Trait TransactionLog 

Source
pub trait TransactionLog:
    Send
    + Sync
    + Debug {
    // Required methods
    fn append<'life0, 'async_trait>(
        &'life0 self,
        entry: LogEntry,
    ) -> Pin<Box<dyn Future<Output = Result<()>> + Send + 'async_trait>>
       where Self: 'async_trait,
             'life0: 'async_trait;
    fn read_after<'life0, 'async_trait>(
        &'life0 self,
        after: HlcTimestamp,
        limit: usize,
    ) -> Pin<Box<dyn Future<Output = Result<Vec<LogEntry>>> + Send + 'async_trait>>
       where Self: 'async_trait,
             'life0: 'async_trait;
    fn sweep<'life0, 'async_trait>(
        &'life0 self,
        policy: RetentionPolicy,
    ) -> Pin<Box<dyn Future<Output = Result<usize>> + Send + 'async_trait>>
       where Self: 'async_trait,
             'life0: 'async_trait;

    // Provided method
    fn append_batch<'life0, 'async_trait>(
        &'life0 self,
        entries: Vec<LogEntry>,
    ) -> Pin<Box<dyn Future<Output = Result<()>> + Send + 'async_trait>>
       where Self: 'async_trait,
             'life0: 'async_trait { ... }
}
Expand description

Per-deployment append-only log of every committed write.

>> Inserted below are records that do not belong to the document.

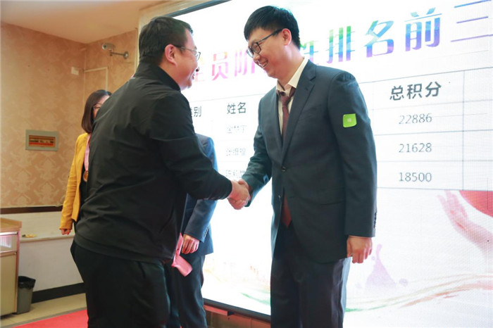 隨后,由人力資源部部長楊萍公布階段性積分的排名,由蘆永軍總經(jīng)理為積分排名三甲的員工頒發(fā)獎牌以及按照各部門積分排名情況為員工頒發(fā)獎品。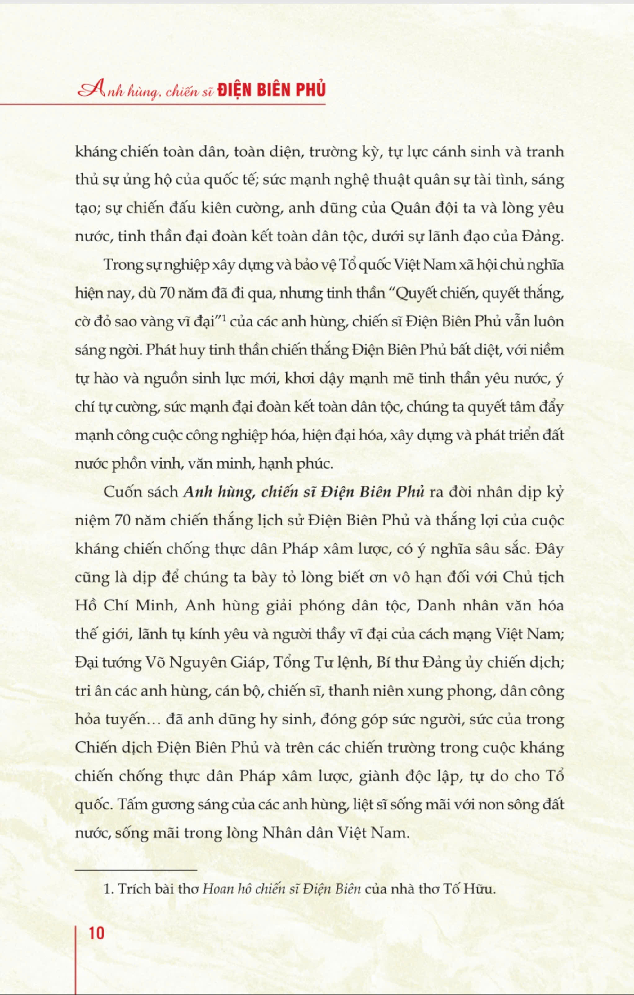 Kỷ niệm 70 năm chiến thắng lịch sử Điện Biên Phủ (07/5/1954 - 07/5/2024), Nhà xuất bản Chính trị quốc gia Sự thật phối hợp với Tỉnh ủy Điện Biên tổ chức biên soạn, xuất bản cuốn sách Anh hùng, chiến sĩ Điện Biên Phủ. Cuốn sách là ấn phẩm có ý nghĩa đặc biệt quan trọng, thể hiện tình cảm và sự tri ân sâu sắc của các thế hệ người dân Việt Nam đối với công lao của các anh hùng, liệt sĩ đã anh dũng hy sinh xương máu và tuổi thanh xuân cho chiến thắng vĩ đại này.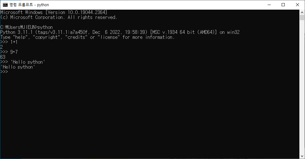 " >>> "이 나오면 python 프로그램이 실행되었다고 알 수 있습니다.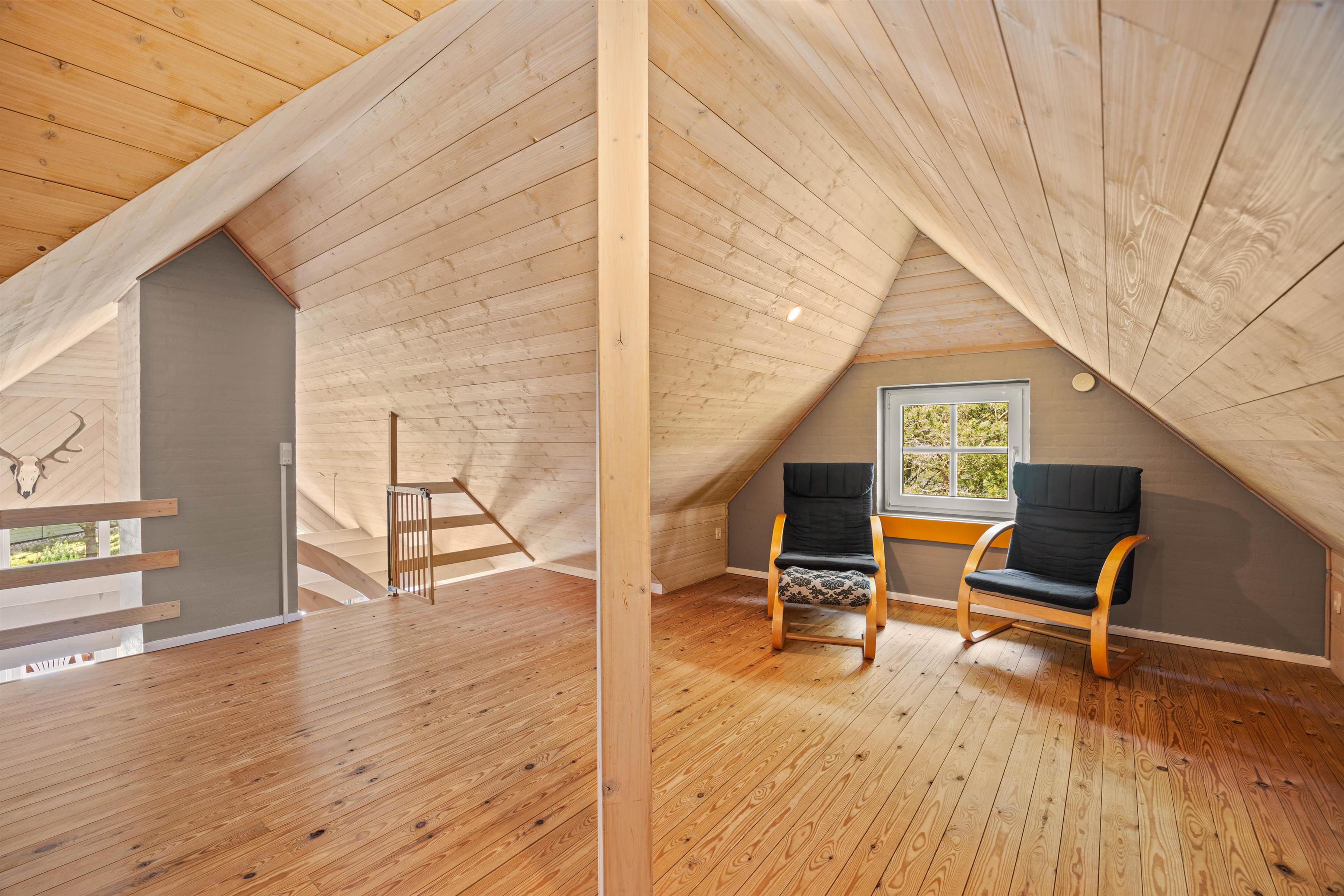 Schnappt euch euer Lieblingsbuch oder lasst den Blick nach draußen schweifen, durch die große Glasfront, die auch für viel natürliches Licht im Wohnbereich sorgt. Die energieeffiziente Wärmepumpe trägt zur angenehmen Raumtemperatur bei, wenn ihr den Kamin einmal nicht nutzen wollt.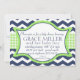 chevron bleu marine et blanc avec vert vif. L'invitation parfaite à votre baby shower.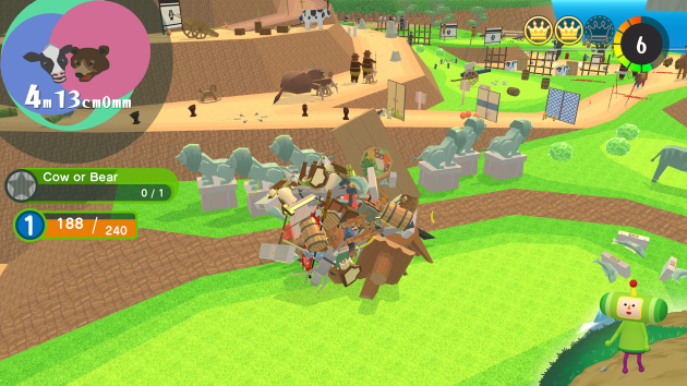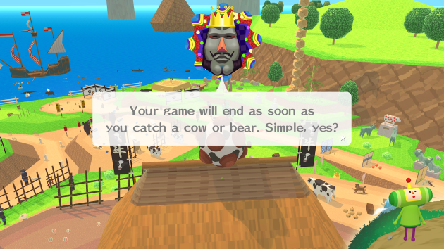 Speaking of doubling down, levels that completely go against the frantic nature of Katamari are still here and horrible as ever. Cowbear, the level that ends the very first time you roll up a cow or bear because ain’t that quirky is back. Just like previous games, the developer’s definition of what constitutes a cow or a bear is trollishly open to interpretation. Run over a single carton of milk that you couldn’t see because the camera is still one of the worst of any 3D action game? The level is over because a carton of milk counts as a cow, even though there isn’t a cow on the package. Well that’s just ridiculous. Saying a carton of milk counts as a cow is like saying a yeast infection is a baby. What’s really infuriating is that the king states the rules require you to catch a cow or a bear. Um, milk isn’t a creature. You don’t “catch” it, nor is it caught in the “catch!” sense. They’re sitting on the ground. YEAH, I’M BEING THAT PETTY! This gimmick f*cking sucks and they keep bringing it back! Petty disappointment is all I’ve ever gotten out of it.

One instance per deployment process; lives for the deployment’s lifetime. Entries are HLC-ordered and survive process restart (durability is the foundational contract — replication’s catch- up window relies on it).

§Contract

  • append is the durability sink. Returns only after the entry has been fsynced (or the implementation’s chosen durability point); subsequent read_after calls on the same instance must see the new entry.
  • read_after returns entries strictly greater than the given HLC, in ascending HLC order, up to limit. Used by replication for streaming tail-reads and catch-up on peer reconnection.
  • sweep removes entries that exceed the retention bounds. Returns the count of removed entries. Sweep is the only operation that DELETES from the log — append is the only operation that ADDS.

§Implementations

The canonical implementation is yeti_store::transaction_log::KvTransactionLog, backed by a dedicated KvBackend opened at {root_directory}/logs/transactions/{deployment_hash}/. Tests use the in-memory MemoryBackend under the same wrapper.

Required Methods§

Source

fn append<'life0, 'async_trait>( &'life0 self, entry: LogEntry, ) -> Pin<Box<dyn Future<Output = Result<()>> + Send + 'async_trait>>
where Self: 'async_trait, 'life0: 'async_trait,

Append a new entry. The entry’s hlc is assigned by the caller (typically from a HybridLogicalClock::now call at commit time). The log persists the entry verbatim.

§Errors
Source

fn read_after<'life0, 'async_trait>( &'life0 self, after: HlcTimestamp, limit: usize, ) -> Pin<Box<dyn Future<Output = Result<Vec<LogEntry>>> + Send + 'async_trait>>
where Self: 'async_trait, 'life0: 'async_trait,

Read up to limit entries with hlc > after, in ascending HLC order. after = HlcTimestamp::ZERO reads from the beginning of the log.

§Errors
  • crate::error::YetiError::Internal if decoding any entry fails (indicates on-disk corruption or version skew).
  • Whatever the underlying storage backend returns from a scan.
Source

fn sweep<'life0, 'async_trait>( &'life0 self, policy: RetentionPolicy, ) -> Pin<Box<dyn Future<Output = Result<usize>> + Send + 'async_trait>>
where Self: 'async_trait, 'life0: 'async_trait,

Remove entries that exceed the retention policy. Returns the number of entries removed.

§Errors

Whatever the underlying storage backend returns from scan + batch-delete operations.

Provided Methods§

Source

fn append_batch<'life0, 'async_trait>( &'life0 self, entries: Vec<LogEntry>, ) -> Pin<Box<dyn Future<Output = Result<()>> + Send + 'async_trait>>
where Self: 'async_trait, 'life0: 'async_trait,

Append many entries in one call. Implementations should fuse the appends into a single batched backend write where possible — the default implementation falls back to a per-entry loop and is correct but pays one awaited backend call per entry.

Used by LoggingBackend::write_batch so a 100-record table batch produces one storage write per table + one batched write on the log, instead of 100 serial awaited log puts.

§Errors

Dyn Compatibility§

This trait is dyn compatible.

In older versions of Rust, dyn compatibility was called "object safety".